BEGIN Data to process
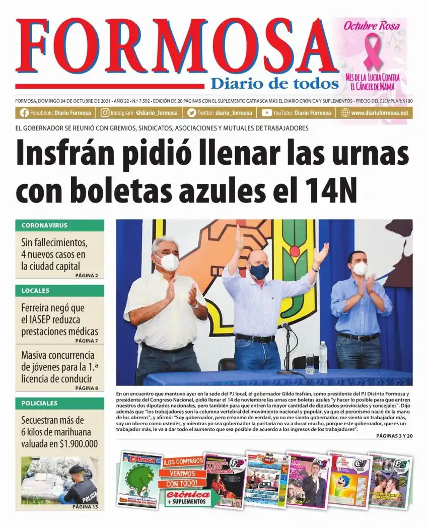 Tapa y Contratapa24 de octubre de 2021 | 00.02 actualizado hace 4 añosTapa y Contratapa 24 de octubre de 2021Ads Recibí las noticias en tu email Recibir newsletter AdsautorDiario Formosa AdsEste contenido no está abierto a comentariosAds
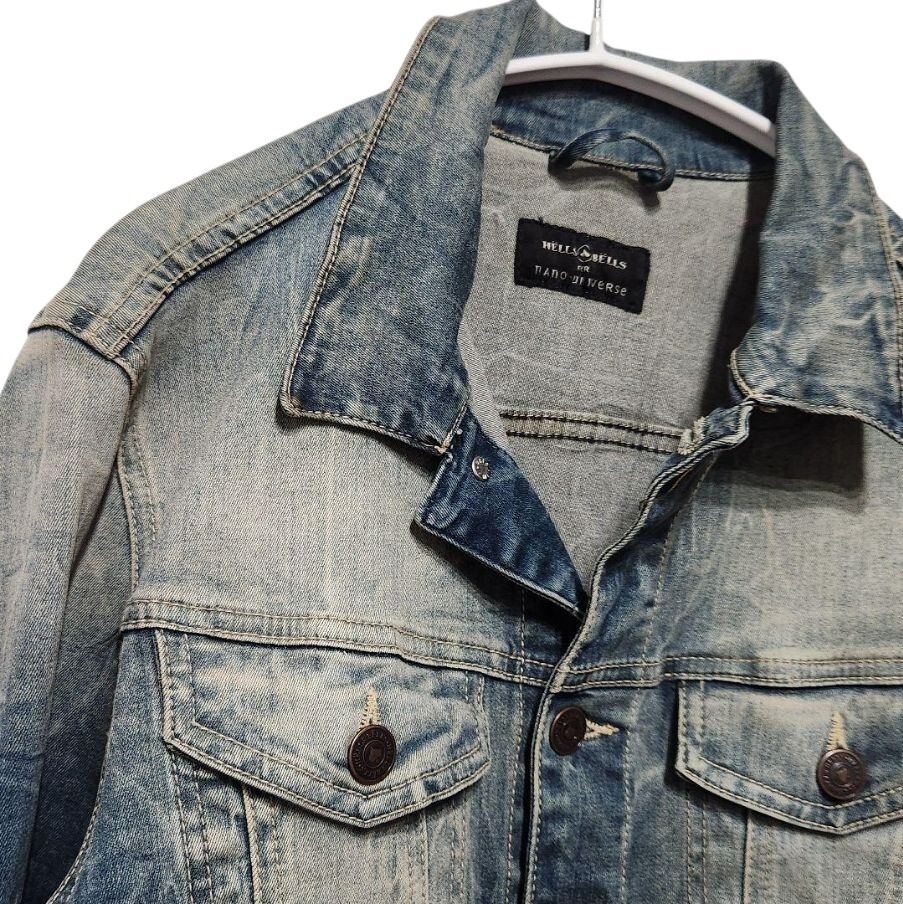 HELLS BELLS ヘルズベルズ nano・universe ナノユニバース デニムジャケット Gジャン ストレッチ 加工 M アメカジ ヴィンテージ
END Data to process
BEGIN Data to process
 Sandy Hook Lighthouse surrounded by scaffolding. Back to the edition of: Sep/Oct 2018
END Data to process
BEGIN Data to process
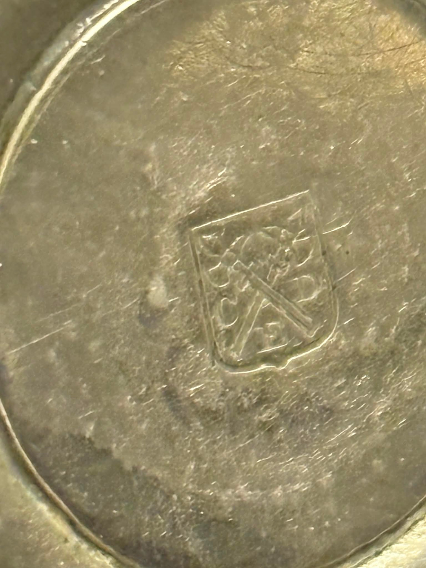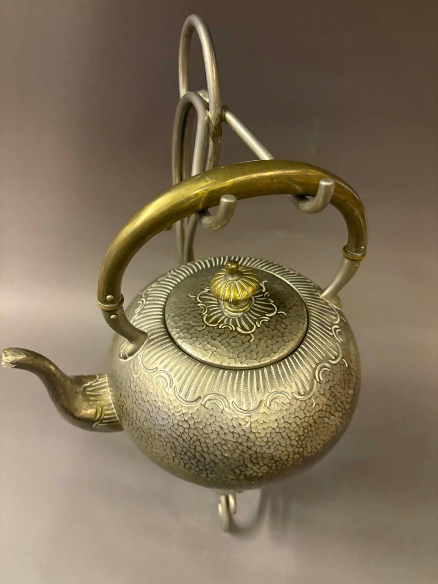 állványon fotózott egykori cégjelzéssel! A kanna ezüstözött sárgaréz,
END Data to process
_Work to be completed_.
Leaving every picture aside, reproduce exactly the lines above from the one with "Tapa y Contratapa24" up to and including the one with "HELLS BELLS ヘルズベルズ", and no others.

_Response area_.
 Tapa y Contratapa24 de octubre de 2021 | 00.02 actualizado hace 4 añosTapa y Contratapa 24 de octubre de 2021Ads Recibí las noticias en tu email Recibir newsletter AdsautorDiario Formosa AdsEste contenido no está abierto a comentariosAds
 HELLS BELLS ヘルズベルズ nano・universe ナノユニバース デニムジャケット Gジャン ストレッチ 加工 M アメカジ ヴィンテージ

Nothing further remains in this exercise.